REQUIREMENT: Return the lines of the data below starting at the one holding "Fleece Hooded Onesie" and ending at the one holding "The next tab", word for word, leaving every picture out.

DATA RECORDS:
══════════

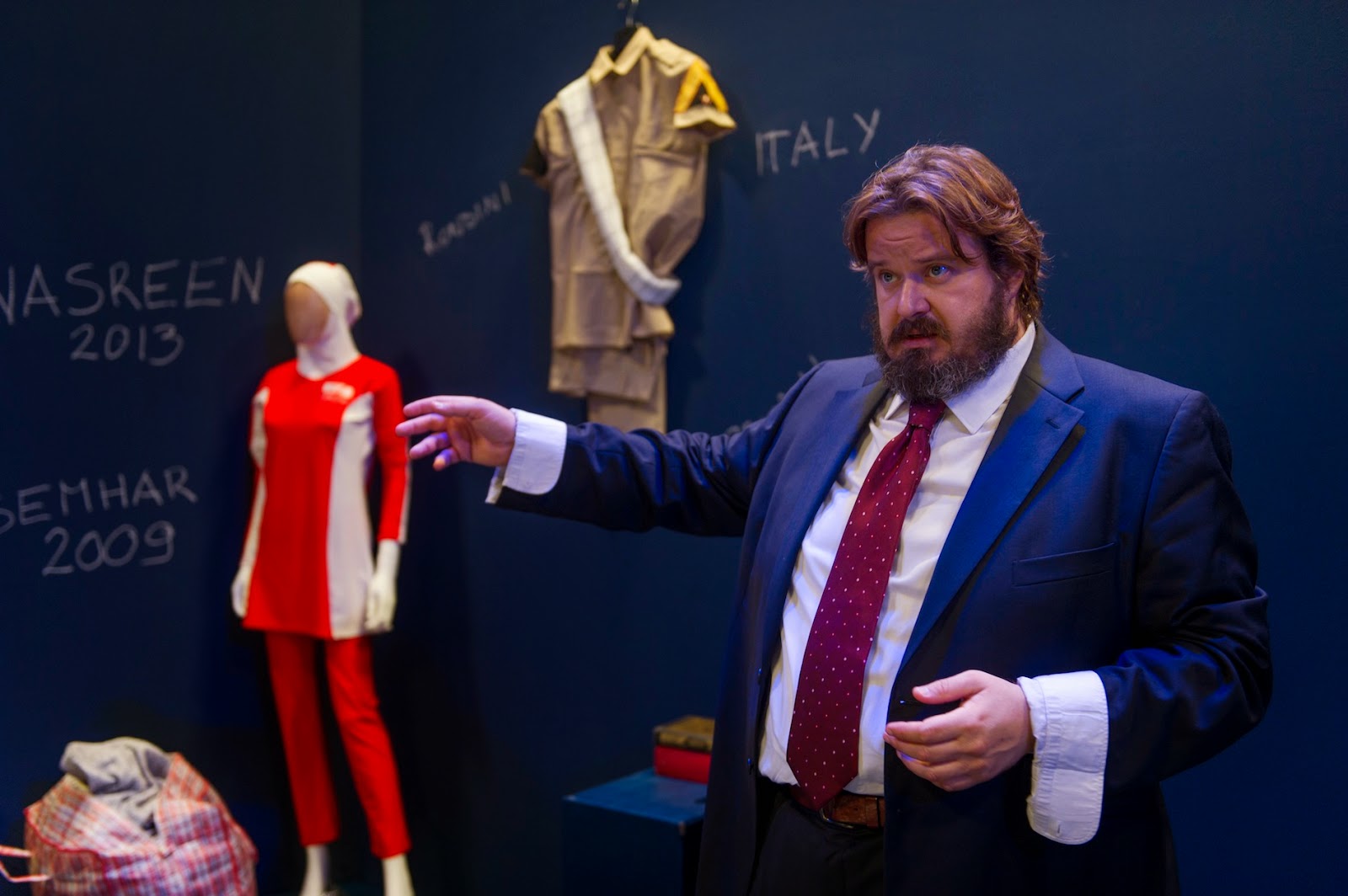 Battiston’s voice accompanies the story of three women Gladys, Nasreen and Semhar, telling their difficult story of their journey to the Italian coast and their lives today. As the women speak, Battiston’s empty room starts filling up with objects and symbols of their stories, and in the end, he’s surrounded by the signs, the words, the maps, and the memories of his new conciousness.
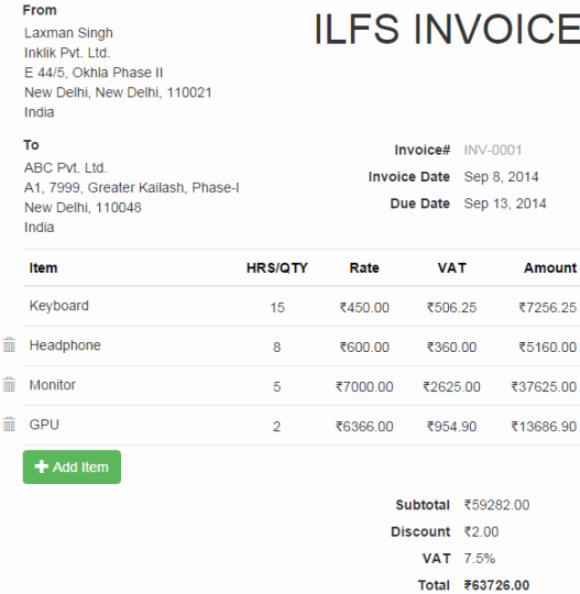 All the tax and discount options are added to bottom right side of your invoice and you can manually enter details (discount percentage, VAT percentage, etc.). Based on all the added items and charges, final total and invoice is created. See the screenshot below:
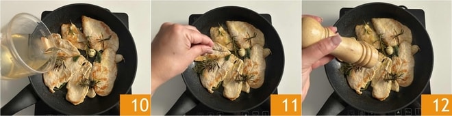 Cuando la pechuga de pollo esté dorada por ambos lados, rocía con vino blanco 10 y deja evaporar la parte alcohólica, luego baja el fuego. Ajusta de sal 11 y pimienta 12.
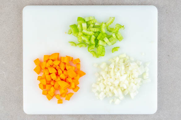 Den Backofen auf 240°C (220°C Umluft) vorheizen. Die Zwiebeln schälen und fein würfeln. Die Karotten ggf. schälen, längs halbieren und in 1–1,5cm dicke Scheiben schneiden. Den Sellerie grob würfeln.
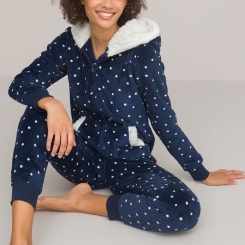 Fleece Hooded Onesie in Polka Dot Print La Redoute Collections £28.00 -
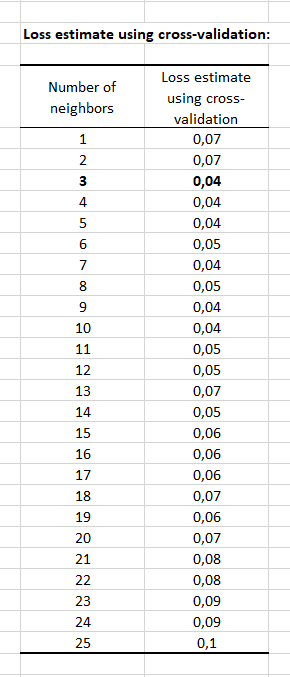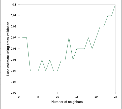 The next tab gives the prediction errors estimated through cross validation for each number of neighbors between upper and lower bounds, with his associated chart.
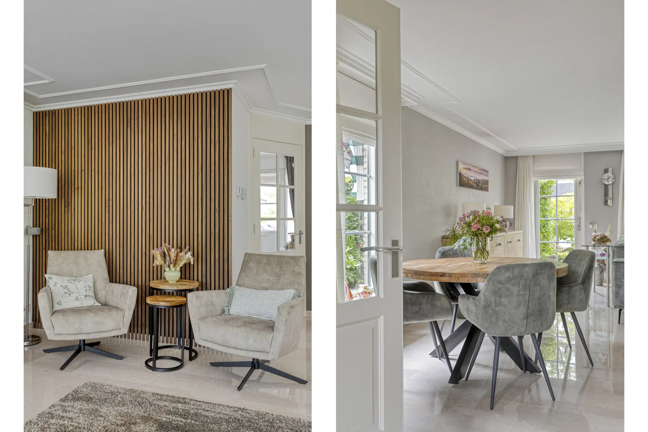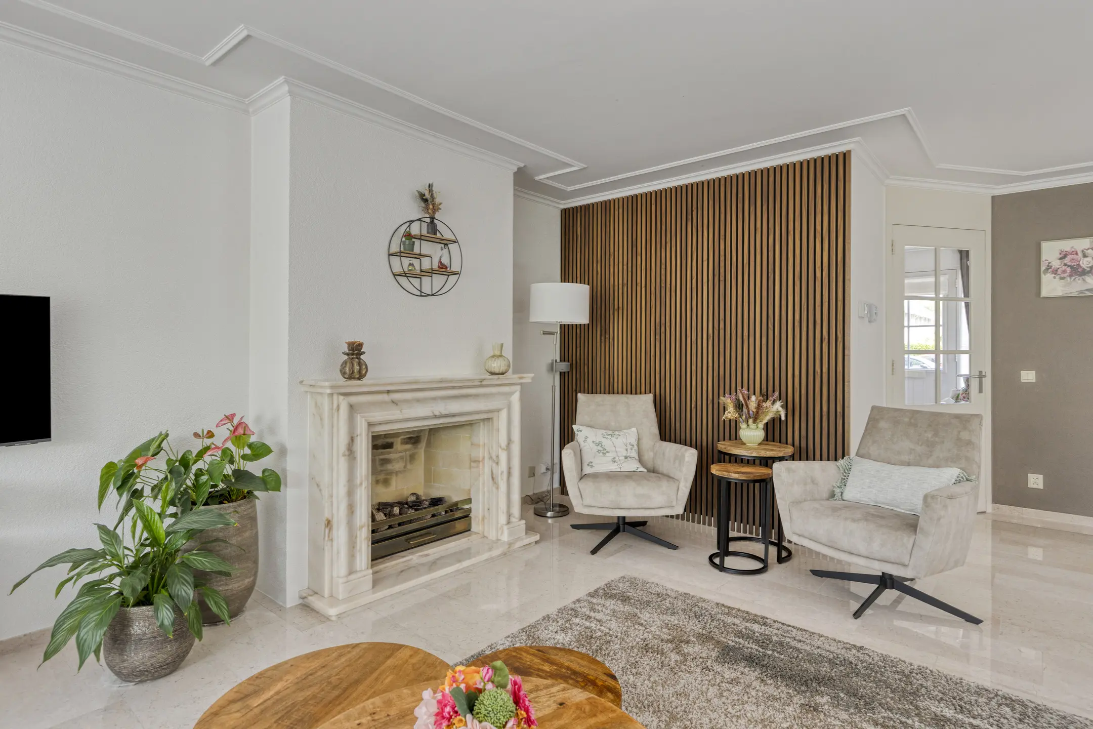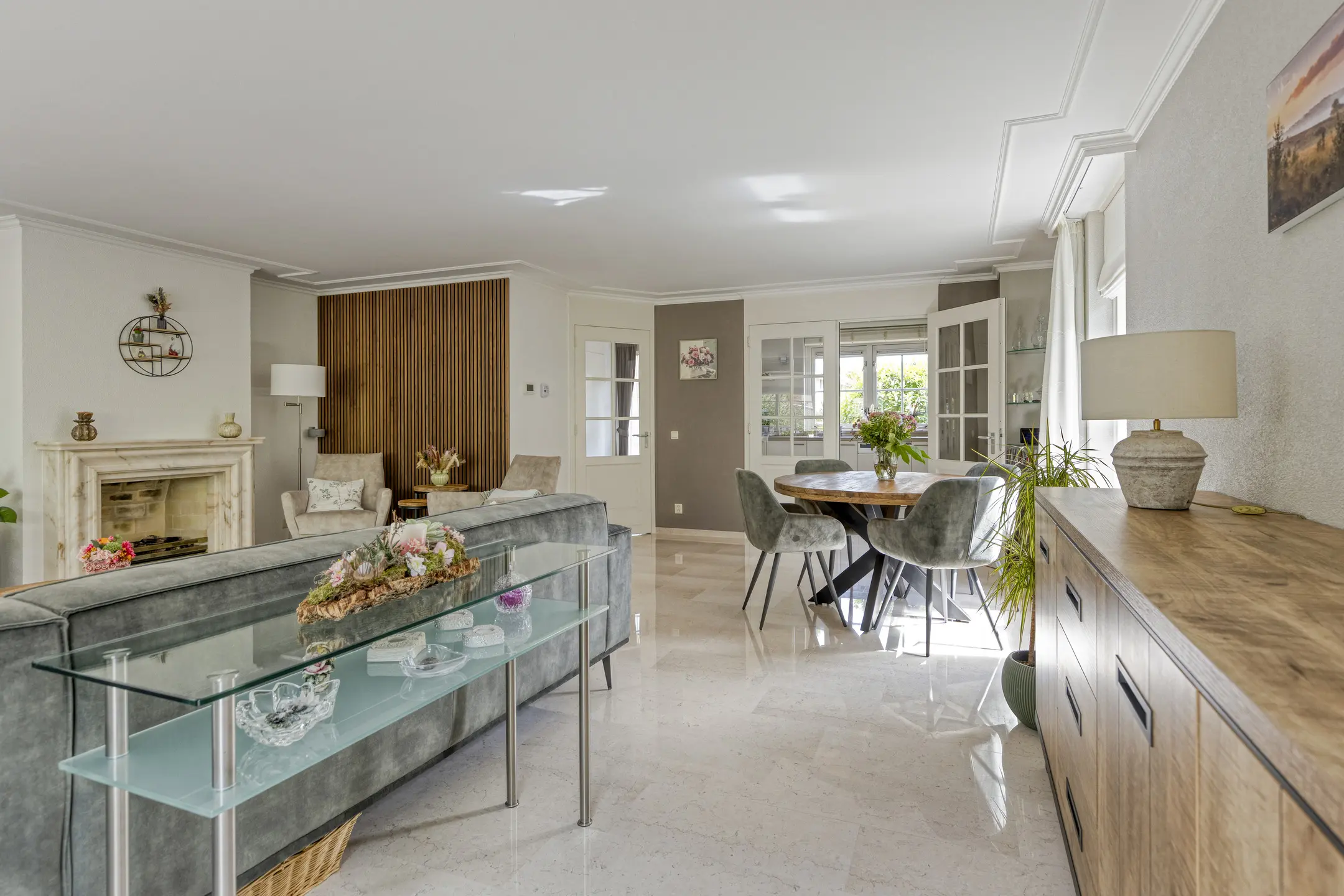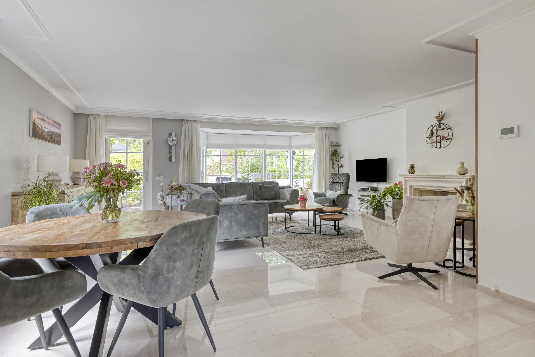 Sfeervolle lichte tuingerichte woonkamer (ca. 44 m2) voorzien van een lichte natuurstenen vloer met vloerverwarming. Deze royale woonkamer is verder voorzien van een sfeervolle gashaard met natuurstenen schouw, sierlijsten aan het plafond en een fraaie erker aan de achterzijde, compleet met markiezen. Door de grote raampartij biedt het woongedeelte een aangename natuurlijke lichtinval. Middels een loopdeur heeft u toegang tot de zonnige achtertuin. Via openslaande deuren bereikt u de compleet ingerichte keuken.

══════════

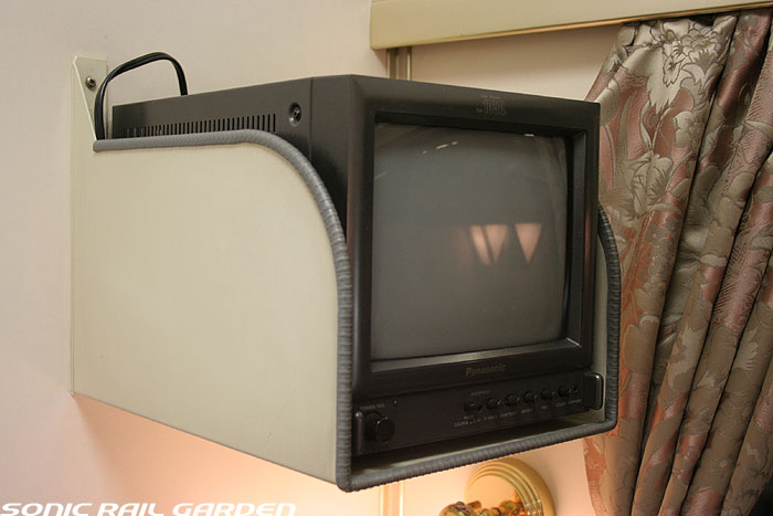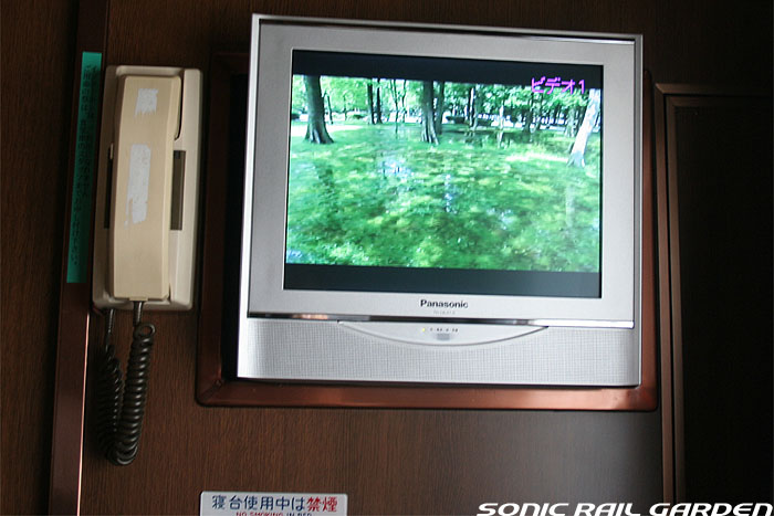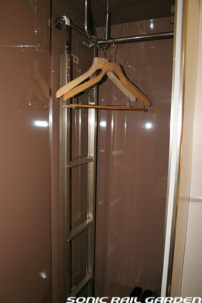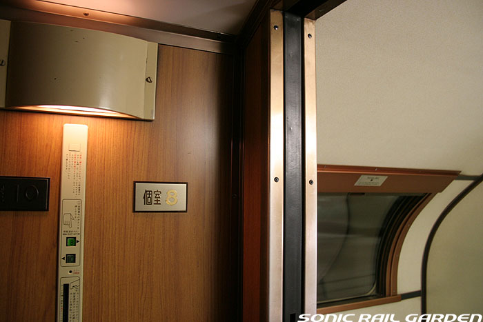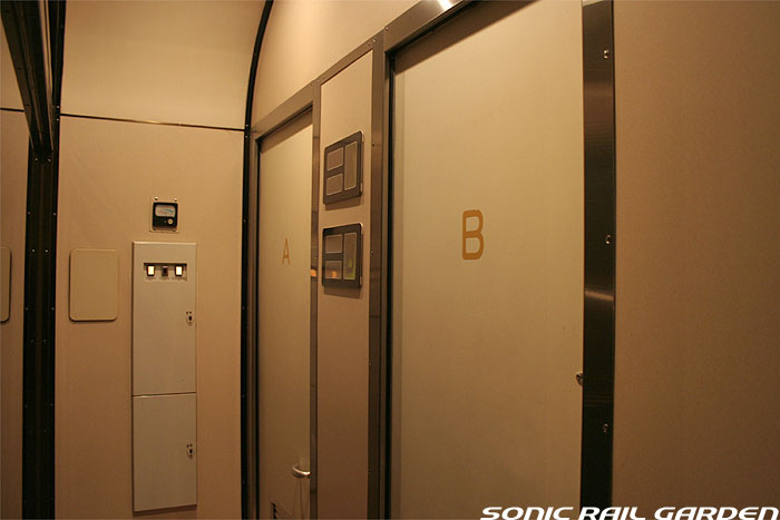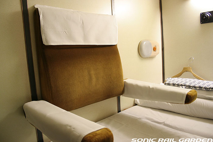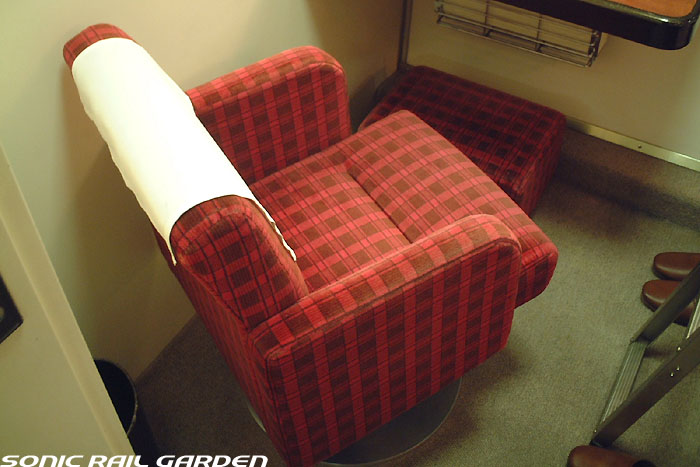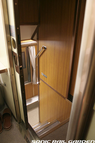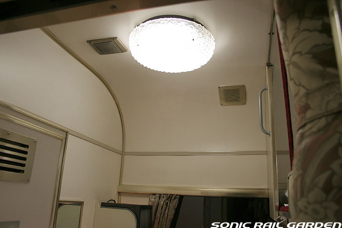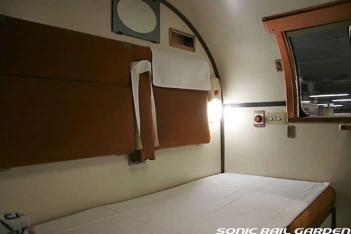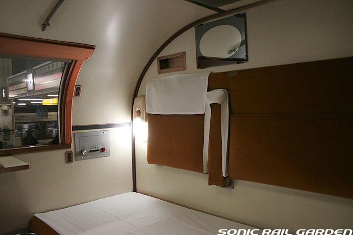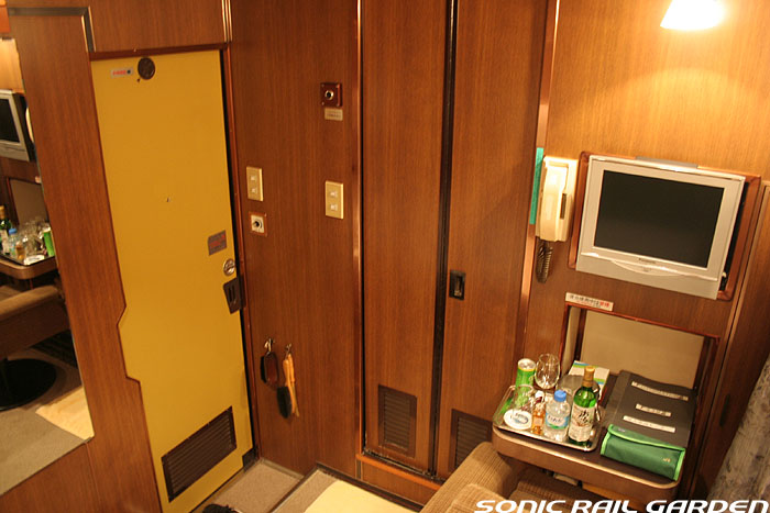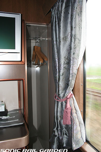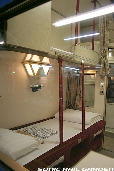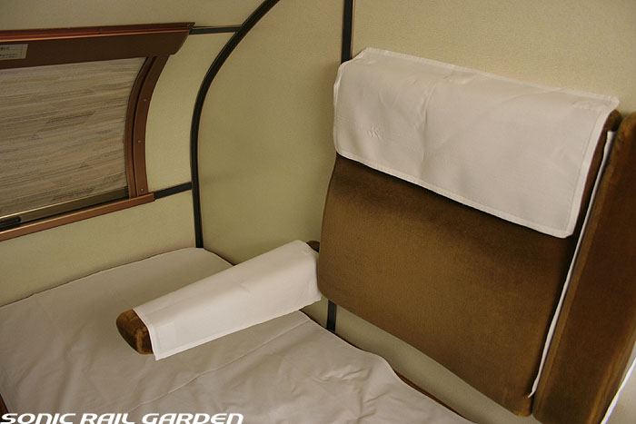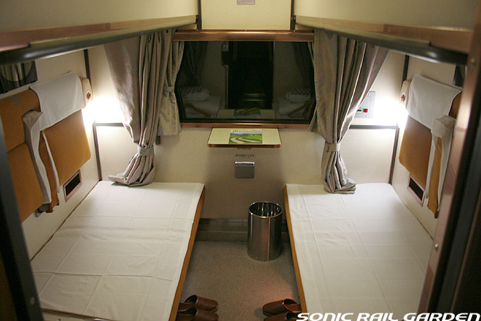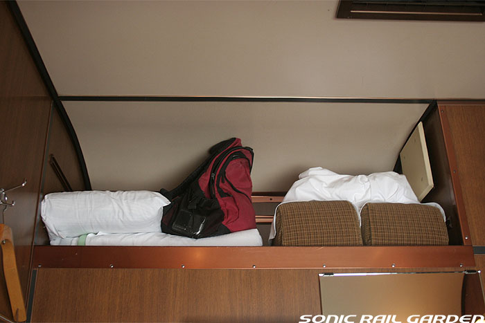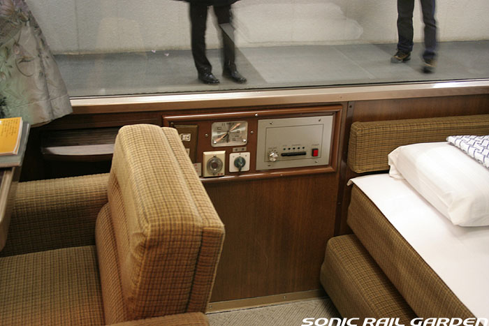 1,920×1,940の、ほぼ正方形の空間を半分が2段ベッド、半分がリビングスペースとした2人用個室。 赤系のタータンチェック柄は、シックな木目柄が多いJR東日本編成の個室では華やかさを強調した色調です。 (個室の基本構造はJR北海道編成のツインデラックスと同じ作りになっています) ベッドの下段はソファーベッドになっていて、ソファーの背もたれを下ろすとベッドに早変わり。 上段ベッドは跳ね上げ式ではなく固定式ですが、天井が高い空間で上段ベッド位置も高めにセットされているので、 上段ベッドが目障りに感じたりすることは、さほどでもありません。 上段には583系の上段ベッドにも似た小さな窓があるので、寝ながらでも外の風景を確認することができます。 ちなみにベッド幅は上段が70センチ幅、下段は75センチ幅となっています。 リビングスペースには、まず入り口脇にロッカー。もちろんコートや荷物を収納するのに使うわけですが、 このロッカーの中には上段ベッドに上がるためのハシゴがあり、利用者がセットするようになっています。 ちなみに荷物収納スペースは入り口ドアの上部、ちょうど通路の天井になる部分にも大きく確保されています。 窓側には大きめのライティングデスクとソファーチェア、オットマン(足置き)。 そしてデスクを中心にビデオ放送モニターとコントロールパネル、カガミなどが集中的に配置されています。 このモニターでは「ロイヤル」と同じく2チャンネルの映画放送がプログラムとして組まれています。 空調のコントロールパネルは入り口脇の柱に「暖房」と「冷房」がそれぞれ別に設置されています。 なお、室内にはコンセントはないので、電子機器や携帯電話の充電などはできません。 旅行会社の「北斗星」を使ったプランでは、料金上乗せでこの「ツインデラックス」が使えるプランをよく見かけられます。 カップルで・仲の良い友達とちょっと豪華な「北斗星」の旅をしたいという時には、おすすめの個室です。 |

══════════

PROBLEM SOLUTION:
 Fleece Hooded Onesie in Polka Dot Print La Redoute Collections £28.00 -
 The next tab gives the prediction errors estimated through cross validation for each number of neighbors between upper and lower bounds, with his associated chart.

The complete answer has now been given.